(How to complete this task): Will you write out, word for word, every line from the one with "近日,南方電網(wǎng)、" to the final line of the data below, with the pictures left out?

(Recorded information):

+---+

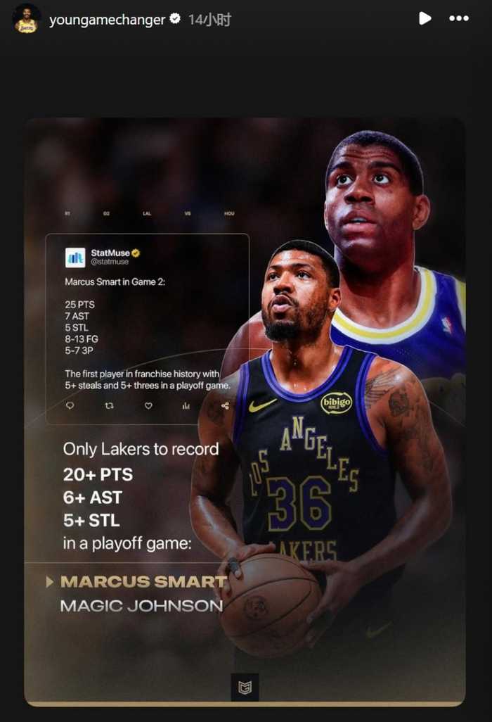 季后赛单场至少20分6助5断&湖人队史第二人比肩魔术师 斯玛特转发
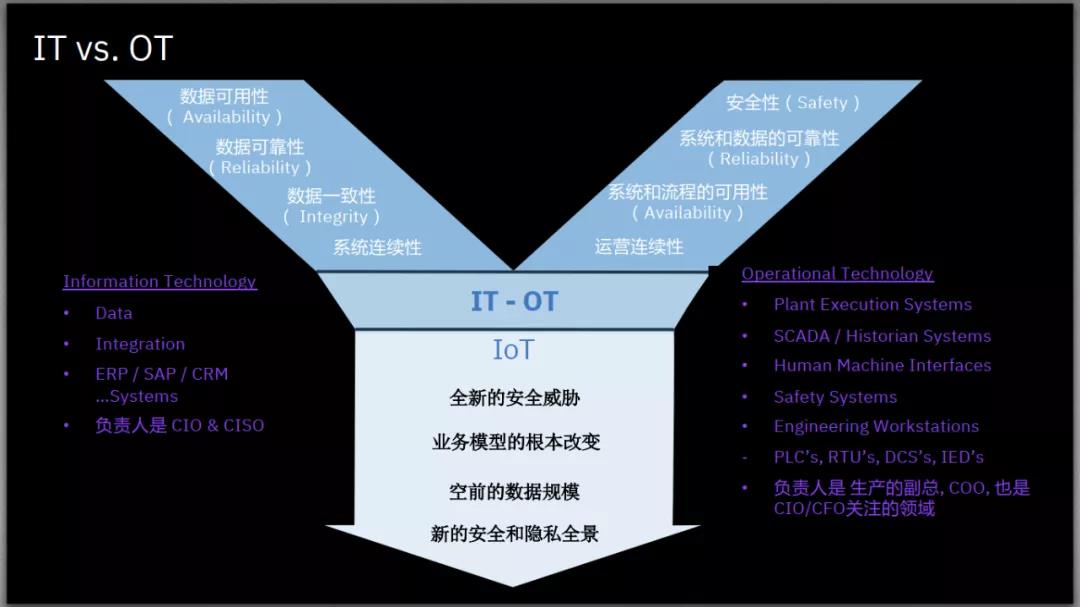 △ IT与OT系统对比(来源:IBM全球安全事业部威胁情报防御产品经理谢明君《从行业安全到OT安全——OT风险与安全管理》)
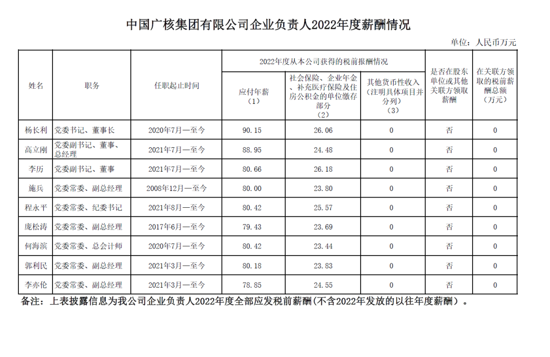 近日,南方電網(wǎng)、中國華能、大唐集團、國家電投、中廣核、三峽集團、中核集團等電力央企披露負責(zé)人2022年度薪酬情況。(2021年度各大電力央企薪酬請查看下方鏈接)
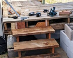 I got back out the tools I needed and saw the stair treads and stringers I had brought over on previous trips. I was ready to rock. I reluctantly cut off the top step from the stringer to make it a 3 stepper instead of 4, as I had not built steps on my own before, but it turned out to be the right move. I made a custom notch in it and made the same cuts to the other stringer. They attached to the deck well and I added an excess of additional blocking to them. The stair tread cuts and attaching went easily. I was one tread short, so I hiked out to Bob’s cabin site and pilfered an old weathered board I thought was Douglas Fir like the rest of the deck and material we had been using, but it turned out to be a nice piece of old Redwood. This last board of the project being a little different amused me.

+---+

(Solution to this exercise):
 近日,南方電網(wǎng)、中國華能、大唐集團、國家電投、中廣核、三峽集團、中核集團等電力央企披露負責(zé)人2022年度薪酬情況。(2021年度各大電力央企薪酬請查看下方鏈接)
 I got back out the tools I needed and saw the stair treads and stringers I had brought over on previous trips. I was ready to rock. I reluctantly cut off the top step from the stringer to make it a 3 stepper instead of 4, as I had not built steps on my own before, but it turned out to be the right move. I made a custom notch in it and made the same cuts to the other stringer. They attached to the deck well and I added an excess of additional blocking to them. The stair tread cuts and attaching went easily. I was one tread short, so I hiked out to Bob’s cabin site and pilfered an old weathered board I thought was Douglas Fir like the rest of the deck and material we had been using, but it turned out to be a nice piece of old Redwood. This last board of the project being a little different amused me.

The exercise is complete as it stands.